An anonymous reader writes with this excerpt from Duke's Center for the Study of the Public Domain about items that would enter the public domain starting on January 1, 2010, if not for copyright extenions: "'Casino Royale, Marilyn Monroe's Playboy cover, The Adventures of Augie March, the Golden Age of Science Fiction, Crick & Watson's Nature article decoding the double helix, Disney's Peter Pan, The Crucible'... 'How ironic that Ray Bradbury's Fahrenheit 451, with its book burning firemen, was published in 1953 and would once have been entering the public domain on January 1, 2010. To quote James Boyle, "Bradbury's firemen at least set fire to their own culture out of deep ideological commitment, vile though it may have been. We have set fire to our cultural record for no reason; even if we had wanted retrospectively to enrich the tiny number of beneficiaries whose work keeps commercial value beyond 56 years, we could have done so without these effects. The ironies are almost too painful to contemplate.""
Since everything is so readily available now through torrents I can't really say there is anything that I can't get my hands on now that I would be able to get my hands on if they were made public domain. Unless of course you start including classified government documents and the like, or very obscure gems that for some reason never made it into widespread circulation
These copyright "extensions" are nothing more than another government bailout.
Any legislator that voted for these extensions should be voted out of office, no matter their party affiliation. There wasn't even the possibility that they'd put the good of the citizens above the good of corporations.
You are welcome on my lawn.
The Copyright Act of 1976 did away with the "x years, with an additional x years on renewal" clause of copyright law; nowadays you just have one option, which is the length of the copyright term. Allowing authors and artists to renew their copyrights if they so choose keeps commercially viable works protected (which is arguably good), as it will be worth it to pay the fee to renew the copyright, but it also lets works that aren't commercially viable (and in many cases, not even commercially available) fall into the public domain much sooner. Since copyright encompasses all works, not simply those that the entertainment industry promotes and sells and makes huge profits from, it needs a sort of balance and the return of copyright renewal could be a step along that path.
I mean, there are lots of creative works out there that are still under copyright, but because there's no central registry of copyright holders (which is another advantage that copyright renewal could bring, as it would require registration), it's difficult, expensive, or just plain impossible to find out who the rights holders are. These are works that are decades old and haven't brought in any profit in years and years- and yet it's still illegal to use them because of copyright law.
Thanks a lot, Mickey.
That Anonymous Coward guy is pretty annoying. Can we have the government censor him or something?
The Net interprets censorship as damage and routes around it.
...at the beginning of the decade I believed this, but turns out it doesn't if the damage is sufficient.
To sum up this decade: We marvelled upon the freedoms that networked computers promised; not merely electronic versions of existing media, but a whole new frontier, only to watch it be crushed for the most trivial of reasons.

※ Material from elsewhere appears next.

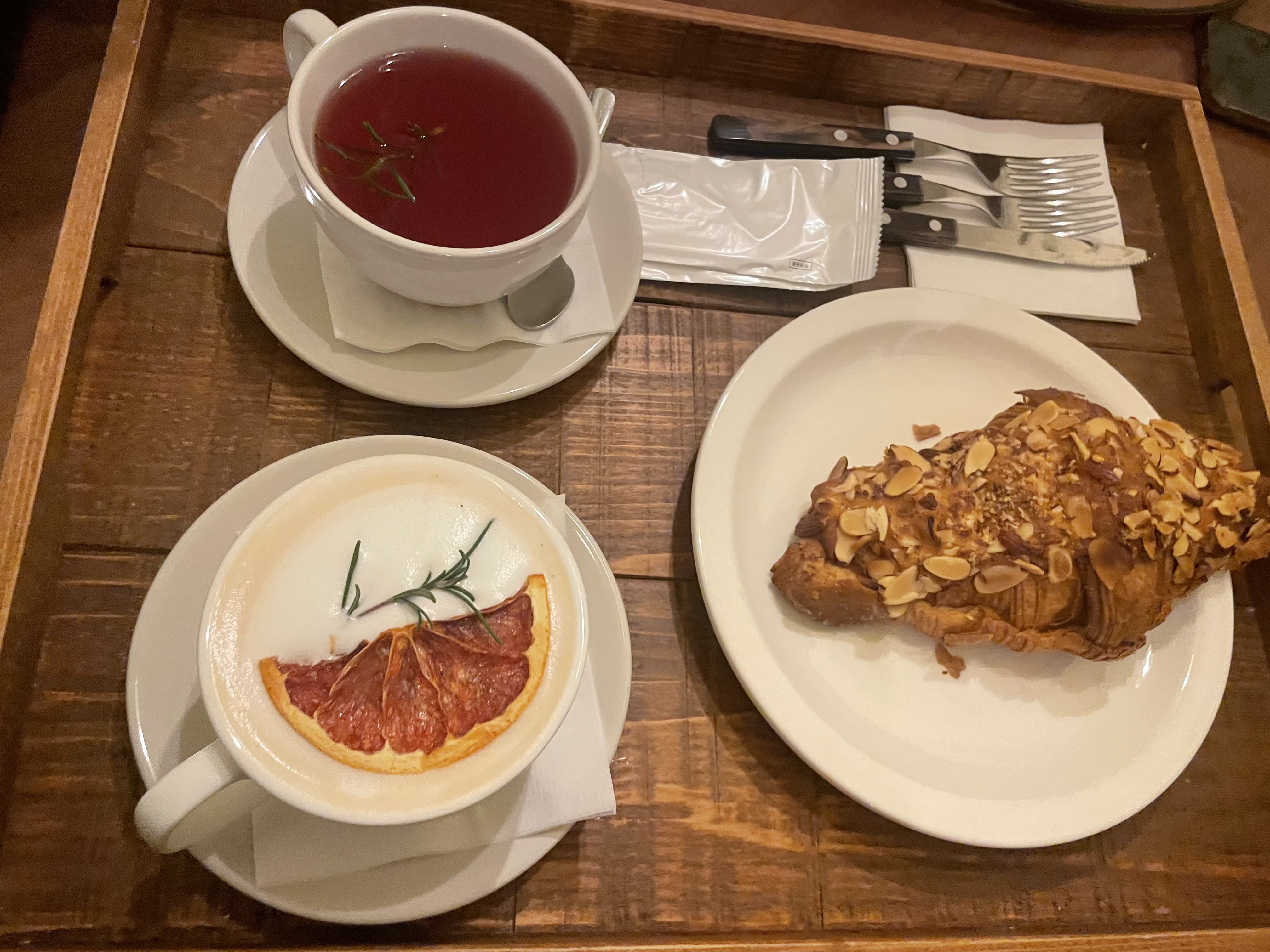 우리는 밀크티와 애플티, 그리고 남은 빵 중 초코 크로와상을 주문했다.

1. Protectionism in the popular music and film industry. All that is trivial, frivolous yet mildly entertaining in our culture.
2. The completely non-existent, child predator moral-panic, boogeyman.

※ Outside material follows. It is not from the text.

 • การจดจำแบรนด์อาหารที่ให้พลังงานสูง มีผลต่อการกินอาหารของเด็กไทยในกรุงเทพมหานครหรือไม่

3. Security theatre and the statistically vanishing threat of global terrorism.
Out of a comprehensive list of possible reasons, those have to right at the bottom of the list, scraping the barrel of pathetic excuses.
I wonder if the people who actually created the work care that after five decades they may not be able to make a miniscule amount of income from it - personally, I would be fairly embarrassed if I made one 'great work' and then ended up desperately lobbying governments to protect my one meagre source of income, instead of continuing my artistic development and releasing new material that consumers value enough to buy (while getting a kick out of the fact that someone's rewritten a story that I wrote decades ago, and is now making their own name).

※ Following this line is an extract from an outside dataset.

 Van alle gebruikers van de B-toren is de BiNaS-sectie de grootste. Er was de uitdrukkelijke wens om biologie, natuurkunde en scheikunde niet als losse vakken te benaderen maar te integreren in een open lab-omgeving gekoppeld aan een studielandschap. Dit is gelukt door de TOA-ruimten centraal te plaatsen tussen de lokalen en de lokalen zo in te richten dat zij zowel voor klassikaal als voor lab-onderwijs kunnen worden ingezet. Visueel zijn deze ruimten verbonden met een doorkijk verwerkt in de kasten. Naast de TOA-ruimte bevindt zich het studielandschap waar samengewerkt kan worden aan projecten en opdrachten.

One thing that people do not seem to understand is that if works were entering public domain this does not mean that there would be huge numbers of things suddenly available for free. What it likely means is that some mega-distributor (think WalMart or Sony) would snap up materials that no longer had an "owner" and they would publish and distribute them.
Now some people might laugh at a book on the shelf at WalMart that was simply a reprint of something that had entered public domain. Alternatively, there are many that would buy it. Printing books is cheap, promoting them is not. If WalMart had zero cost other than simply putting the book on the shelf, would they print lots of books?
Would Sony make them available "exclusively" for the Sony Reader? Wouldn't it be fun to see Amazon and Sony both declaring that they exclusively were making Gone With the Wind available to for their devices? And then Barnes and Nobel coming along with "their" version for their device.
Free stuff isn't interesting to people with large distribution channels. Stuff you can charge for, even just 1% over the cost of production, is much more interesting. Stuff you can charge 200% over the cost of production is even more interesting. As long as most of the world doesn't have access to high-speed Internet connections or have the knowledge to make use of them distribution is going to be where the big bucks are.
the return of copyright renewal could be a step along that path.
One condition of joining the World Trade Organization is joining the Berne Convention, which appears to ban countries from requiring a renewal or any other formality from a copyright owner. Reintroducing copyright renewal might require the United States to withdraw from the WTO.
My great-great grandmother wrote a book in the late 1960s just before she died. It is long ago out of print, but we luckily have a copy thanks to someone who had a used copy for sale on Amazon.com and our luck of happening to look for it right when it was for sale.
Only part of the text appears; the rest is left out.